Begitupun sebaliknya, sumber permasalahan yang mendera negara atau bangsa ini, karena tidak menghidupkan khilafah. Umat atau bangsa ini akan sehat wal afiat dengan meminum obat racikan HTI yang namanya khilafah. Begitu kira-kira yang saya tangkap dari keyakinan mereka.
Jika berbicara kelompok pro-khilafah, HTI memang tidak sendirian. Ada militan Negara Islam di Irak dan Suriah (ISIS) misalnya. Hanya saja HTI tak mengakui keabsahan khilafah yang didirikan ISIS. Salah satu faktornya karena ISIS menggunakan cara kekerasan. Tapi apa pun itu, yang jelas agenda Hizbut Tahrir yang berpuluh-puluh tahun berencana menegakkan kembali khilafah, eh, malah didahului ISIS.

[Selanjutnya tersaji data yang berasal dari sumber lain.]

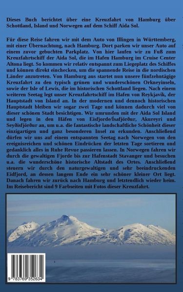 Dieses Buch berichtet über eine Kreuzfahrt von Hamburg über Schottland, Island und Norwegen auf dem Schiff Aida Sol. Für diese Reise fahren wir mit dem Auto von Illingen in Württemberg, mit einer Übernachtung, nach Hamburg. Dort parken wir unser Auto auf einem zuvor gebuchten Parkplatz. Von hier laufen wir zu Fuß zum Kreuzfahrtschiff der Aida Sol, die im Hafen Hamburg im Cruise Center Altona liegt. So kommen wir relativ entspannt zum Liegeplatz des Schiffes und können direkt einchecken, um die spannende Reise in die nordischen Länder anzutreten. Von Hamburg aus startet nun unsere fünfzehntägige Kreuzfahrt zu den typisch grünen und wunderschönen Orkneyinseln, sowie der Isle of Lewis, die im historischen Schottland liegen. Nach einem weiteren Seetag legt unser Kreuzfahrtschiff im Hafen von Reykjavik, der Hauptstadt von Island an. In der modernen und dennoch historischen Hauptstadt bleiben wir sogar zwei Tage und können dadurch viel von dieser schönen Stadt besichtigen. Wir umrunden mit der Aida Sol Island und legen in den Häfen von Eisfjorde/Ísafjörður, Akureyri und Seyðisfjörður an, um u.a. die fantastische landschaftliche Schönheit dieser einzigartigen und ganz besonderen Insel zu erkunden. Anschließend können wir uns auf einem entspannten Seetag nach Norwegen von den ereignisreichen und schönen Eindrücken der letzten Tage ordnen und gedanklich alles in Ruhe Revue passieren lassen. In Norwegen fahren wir durch die gewaltigen Fjorde bis zur Hafenstadt Stavanger und besuchen u.a. die wunderschöne historische Altstadt des Ortes. Anschließend steuern wir durch den naturgewaltigen und sehr beeindruckenden Eidfjord, an dessen langem Ende ein sehr schöner kleiner Ort liegt. Danach fahren wir zurück nach Hamburg und letztendlich wieder heim. Im Reisebericht sind 9 Farbseiten mit Fotos dieser Kreuzfahrt.

Sampai di sini, dugaan saya semakin kuat, kalau satu-satunya khilafah yang sah, menurut HTI, hanya jika didirikan oleh dan dengan cara Hizbut Tahrir. Bukan seperti cara ISIS.
Kembali ke soal Gema Pembebasan. Yang menarik ialah, aktivis organisasi ini di beberapa kampus ternyata juga turut berpartisipasi dalam suksesi Pemilu Raya (Pemira) Universitas, ikut mencalonkan diri menjadi Presiden BEM (Badan Eksekutif Mahasiswa). Bagus, bukan?
Berkaca dari situ, HTI yang merupakan induk dari Gema Pembebasan, dan notabene adalah organisasi politik, saya berpikir kenapa tidak mengikuti langkah serupa? Misalnya, HTI mendaftarkan diri sebagai partai peserta pemilu di Indonesia atau membidani lahirnya sebuah partai politik yang baru untuk ikut pemilu.
Bagaimana jika ada kalangan yang berkata, “Bukankah pemilu adalah produk demokrasi? Demokrasi produk sekularisme Barat, ini kan diharamkan HTI?”
Terus terang saya merasa yakin, HTI pasti mampu menjawab pertanyaan semacam itu, bahkan dengan argumen canggih yang dilengkapi ayat-ayat suci. Kalau perlu cukup serahkan pada adik-adik di Gema Pembebasan yang menjawabnya.
Saya mengusulkan HTI untuk ikut pemilu. Tak ada salahnya mencoba, siapa tahu melalui jalan ini cita-cita mereka menghidupkan kembali khilafah bisa tercapai. Siapa tahu. Mumpung cara ini belum digunakan kelompok yang lain. Bagaimana ikhwan HTI?